- _Assignment_:
The copy must hold exactly the lines from the one with "The expression pattern" through the end of the listing below, and nothing else, with no pictures.

--- Collected data ---

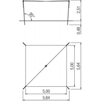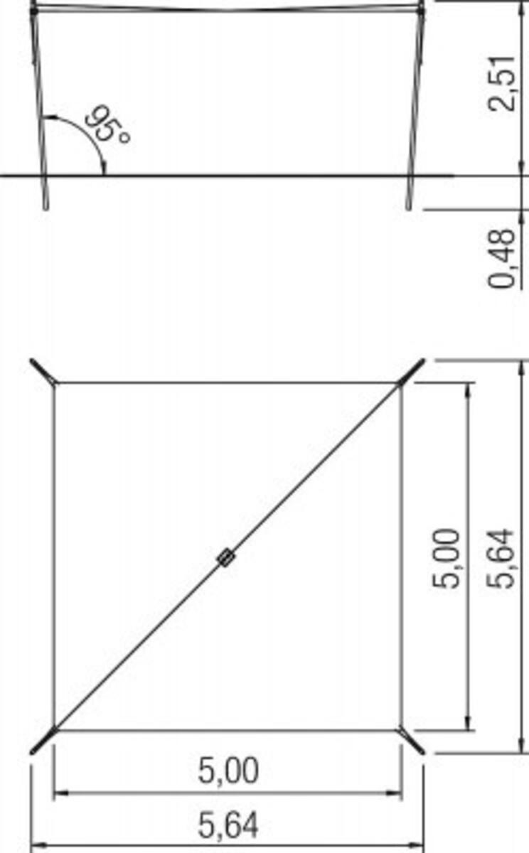 Fyrkantigt segel med fyra stolpar. Solsegel som kan rullas samman utan att tas ned. Den unika konstruktionen gör det enkelt att justera hur mycket av seglet man önskar ha ute. Det är också enkelt att få ned bollar och annat som hamnar uppe i seglet. Själva seglet är av belagd polyesterduk och stolparna i varmgalvaniserat stål. Duken reducerar inkommande UV strålning med 86 % samtidigt som den släpper genom vind. Obs! Duken är inte vattentät! Bredd är 5 m, seglet kan dras ut till max 4 m. Levereras av Eibe
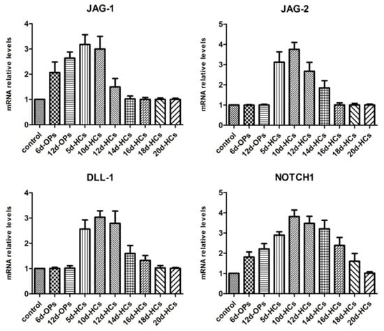 The expression pattern of Notch ligands and receptors. The expression of JAG-1 and NOTCH1 mRNA was gradually upregulated throughout the otic progenitor differentiation, whereas JAG-1 was downregulated during the mid-stage (day 14) and NOTCH1 was downregulated in the final stage (day 20) of hair cell differentiation. JAG-2 and DLL-1 mRNAs were detected at the early stage of hair cell differentiation, but their expression was downregulated by the mid-later stage of the differentiation. The statistical results were significant (p < 0.05). Control: undifferentiated hESCs; 6d-OPs/12d-OPs: cells on day 6/12 of otic progenitor differentiation; 5d-HCs/10d-HCs/12d-HCs/14d-HCs/16d-HCs/18d-HCs/20d-HCs: cells on day 5/10/12/14/16/18/20 of hair cell differentiation.
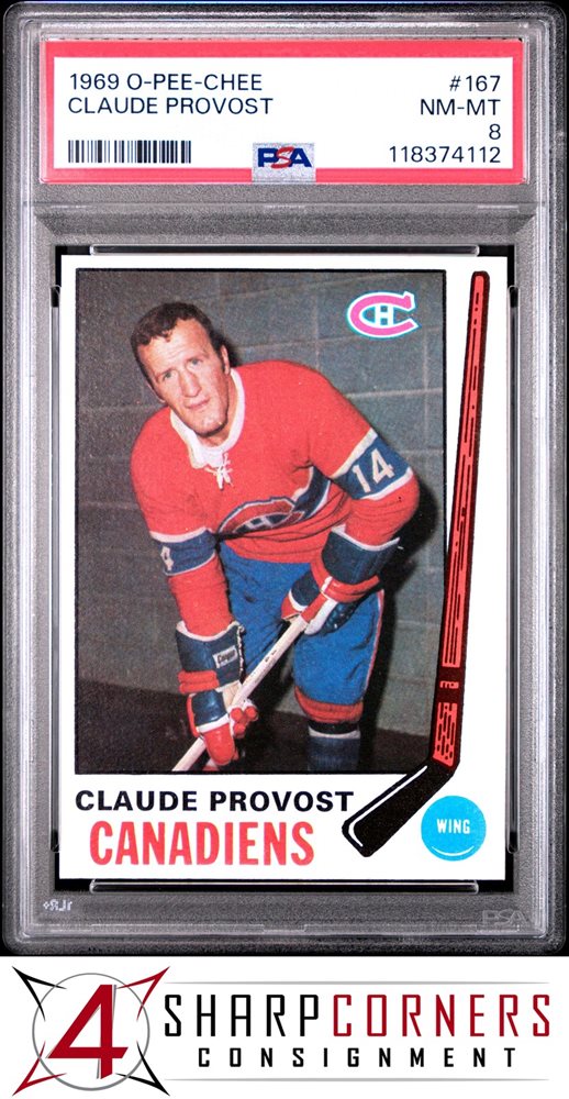 1969 O-PEE-CHEE #167 CLAUDE PROVOST CANADIENS PSA 8

---

- _Your solution_:
 The expression pattern of Notch ligands and receptors. The expression of JAG-1 and NOTCH1 mRNA was gradually upregulated throughout the otic progenitor differentiation, whereas JAG-1 was downregulated during the mid-stage (day 14) and NOTCH1 was downregulated in the final stage (day 20) of hair cell differentiation. JAG-2 and DLL-1 mRNAs were detected at the early stage of hair cell differentiation, but their expression was downregulated by the mid-later stage of the differentiation. The statistical results were significant (p < 0.05). Control: undifferentiated hESCs; 6d-OPs/12d-OPs: cells on day 6/12 of otic progenitor differentiation; 5d-HCs/10d-HCs/12d-HCs/14d-HCs/16d-HCs/18d-HCs/20d-HCs: cells on day 5/10/12/14/16/18/20 of hair cell differentiation.
 1969 O-PEE-CHEE #167 CLAUDE PROVOST CANADIENS PSA 8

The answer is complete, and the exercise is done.